Information given
※

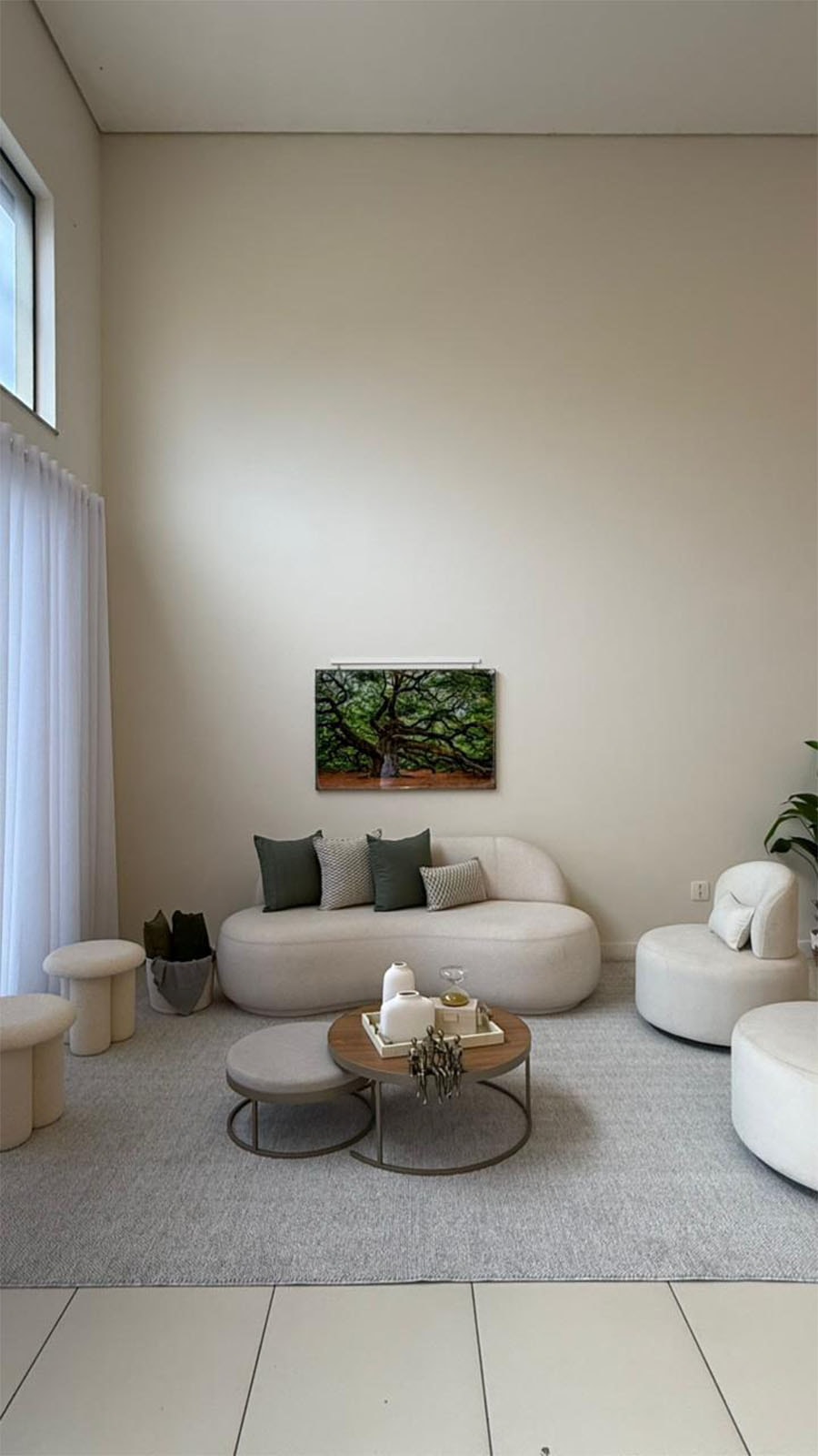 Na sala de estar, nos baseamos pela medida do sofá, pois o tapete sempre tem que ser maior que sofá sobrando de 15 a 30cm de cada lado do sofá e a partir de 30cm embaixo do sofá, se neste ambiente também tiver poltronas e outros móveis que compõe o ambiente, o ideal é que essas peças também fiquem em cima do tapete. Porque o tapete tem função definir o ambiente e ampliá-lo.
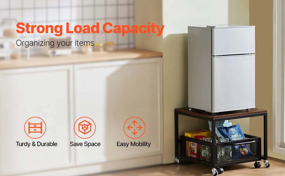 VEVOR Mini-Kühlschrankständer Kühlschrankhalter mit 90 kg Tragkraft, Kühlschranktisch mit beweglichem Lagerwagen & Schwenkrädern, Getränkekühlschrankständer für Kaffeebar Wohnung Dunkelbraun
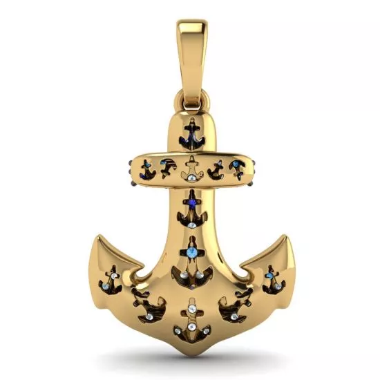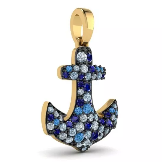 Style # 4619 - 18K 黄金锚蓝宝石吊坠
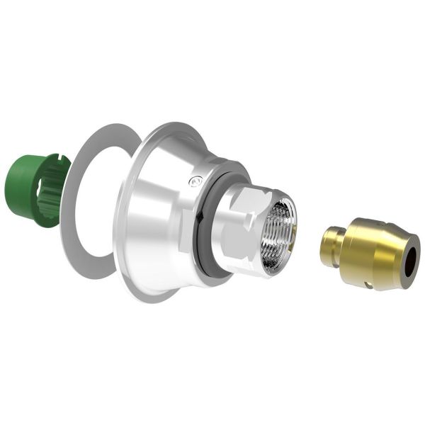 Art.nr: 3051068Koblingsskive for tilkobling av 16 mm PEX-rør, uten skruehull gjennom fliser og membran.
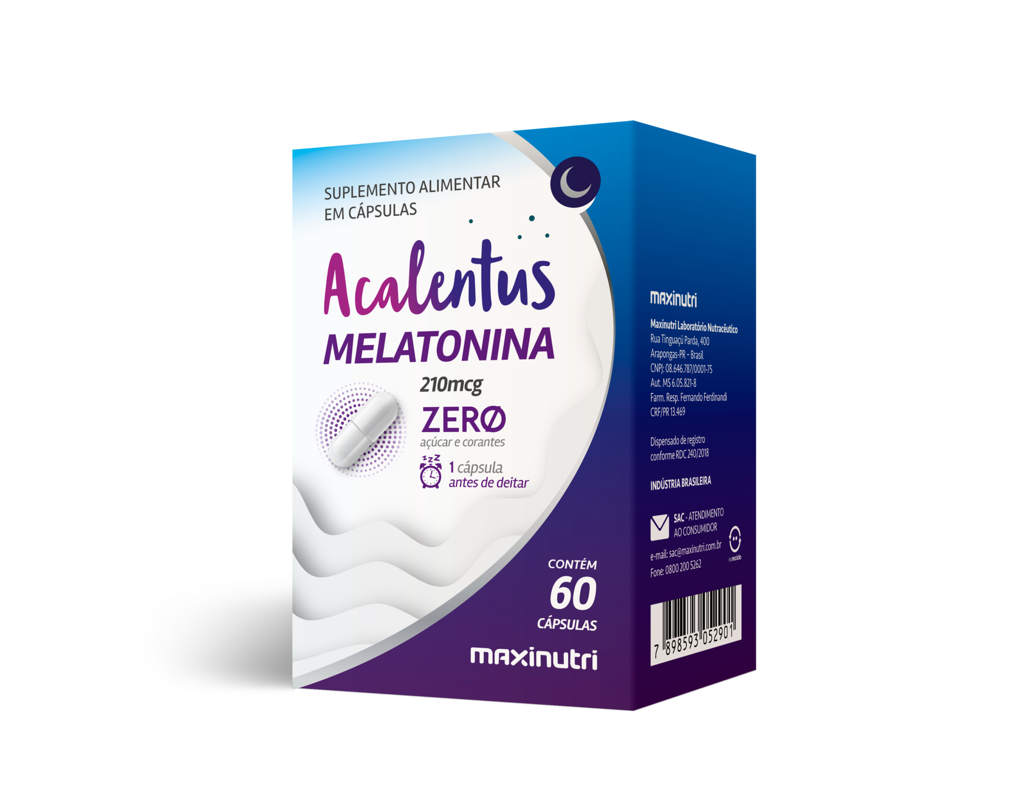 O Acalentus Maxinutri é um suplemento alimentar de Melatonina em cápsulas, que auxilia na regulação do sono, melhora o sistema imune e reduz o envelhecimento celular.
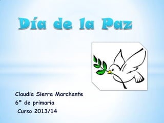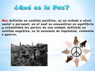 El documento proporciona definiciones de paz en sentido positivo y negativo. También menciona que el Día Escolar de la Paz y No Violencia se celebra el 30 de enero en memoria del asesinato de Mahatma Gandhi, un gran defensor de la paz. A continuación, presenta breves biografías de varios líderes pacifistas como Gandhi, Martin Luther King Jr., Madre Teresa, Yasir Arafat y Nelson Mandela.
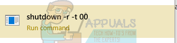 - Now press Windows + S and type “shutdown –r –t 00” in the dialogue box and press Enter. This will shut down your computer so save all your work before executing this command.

※

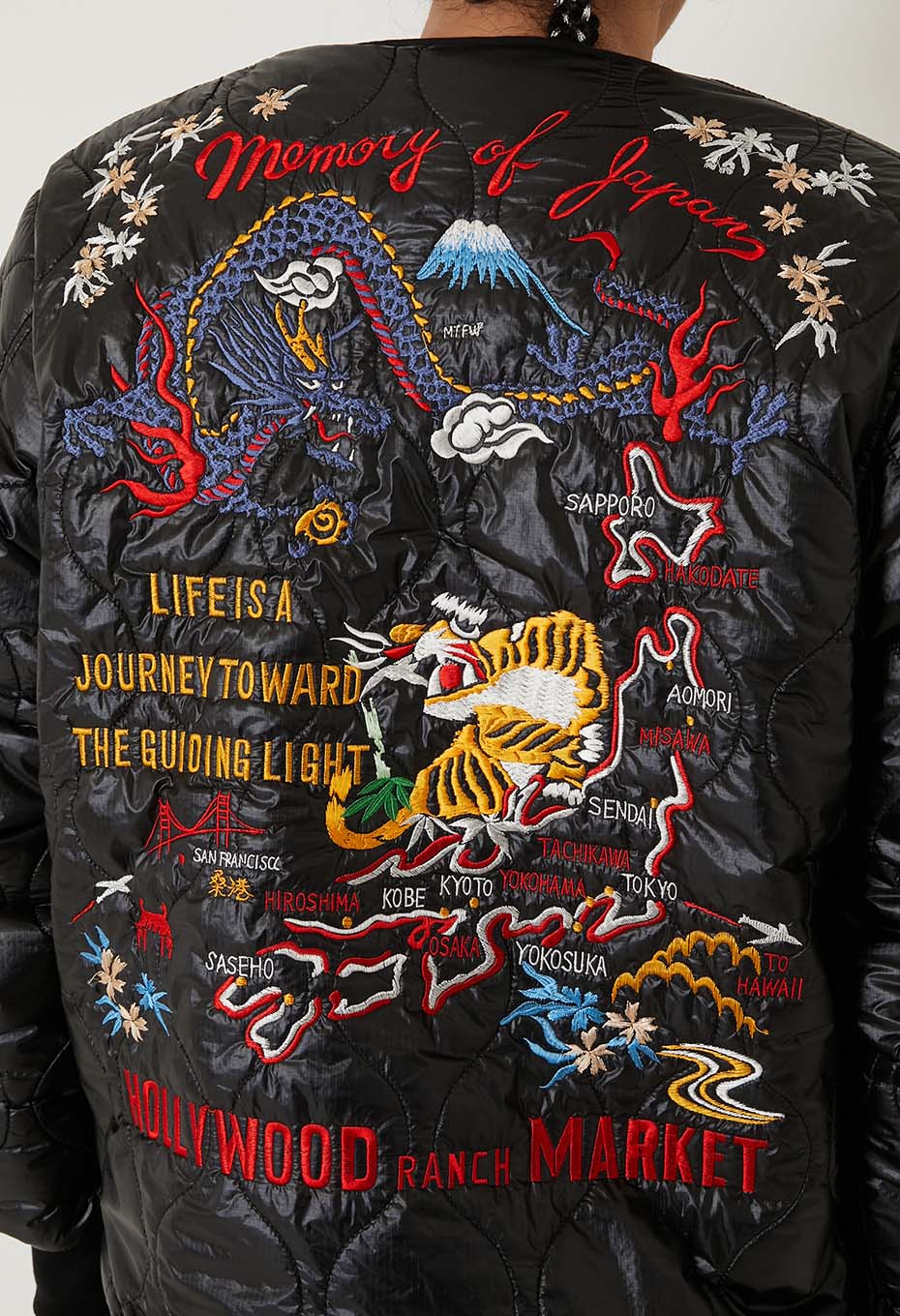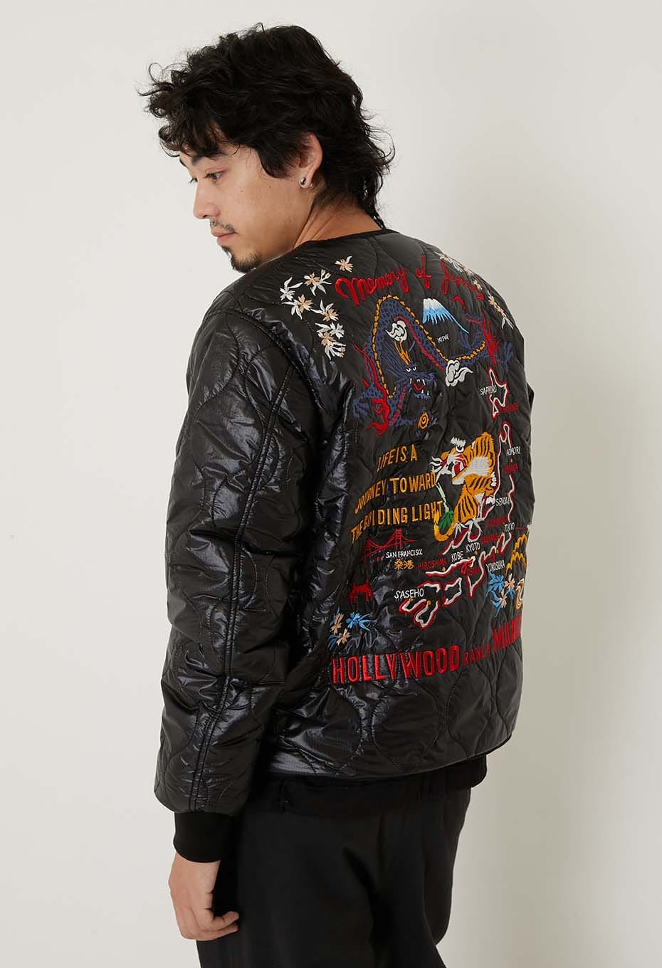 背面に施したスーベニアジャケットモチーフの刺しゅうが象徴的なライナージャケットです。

※

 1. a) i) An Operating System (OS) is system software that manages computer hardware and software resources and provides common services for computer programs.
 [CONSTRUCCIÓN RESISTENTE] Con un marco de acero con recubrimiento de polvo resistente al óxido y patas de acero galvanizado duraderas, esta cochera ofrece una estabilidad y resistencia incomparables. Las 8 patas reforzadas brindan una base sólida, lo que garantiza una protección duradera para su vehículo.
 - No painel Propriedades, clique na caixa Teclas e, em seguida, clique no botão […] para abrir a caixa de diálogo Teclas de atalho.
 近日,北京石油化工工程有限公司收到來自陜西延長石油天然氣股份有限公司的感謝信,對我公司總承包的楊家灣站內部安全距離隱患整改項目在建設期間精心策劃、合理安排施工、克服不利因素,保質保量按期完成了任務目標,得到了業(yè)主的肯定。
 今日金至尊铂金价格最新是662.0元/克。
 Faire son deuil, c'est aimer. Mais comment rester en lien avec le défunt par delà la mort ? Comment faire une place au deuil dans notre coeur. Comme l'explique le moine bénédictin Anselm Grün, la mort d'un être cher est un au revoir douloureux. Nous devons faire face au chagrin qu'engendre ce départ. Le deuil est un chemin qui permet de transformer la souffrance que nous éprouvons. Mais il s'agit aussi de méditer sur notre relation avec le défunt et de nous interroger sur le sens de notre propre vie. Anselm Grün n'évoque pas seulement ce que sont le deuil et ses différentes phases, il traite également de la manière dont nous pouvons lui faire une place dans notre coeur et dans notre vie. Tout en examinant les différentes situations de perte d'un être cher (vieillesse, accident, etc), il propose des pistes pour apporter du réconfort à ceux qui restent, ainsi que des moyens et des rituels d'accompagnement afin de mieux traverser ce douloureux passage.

※

What you will do
Reply with every line of the listing that has the string "para".

The completed task
 [CONSTRUCCIÓN RESISTENTE] Con un marco de acero con recubrimiento de polvo resistente al óxido y patas de acero galvanizado duraderas, esta cochera ofrece una estabilidad y resistencia incomparables. Las 8 patas reforzadas brindan una base sólida, lo que garantiza una protección duradera para su vehículo.
 - No painel Propriedades, clique na caixa Teclas e, em seguida, clique no botão […] para abrir a caixa de diálogo Teclas de atalho.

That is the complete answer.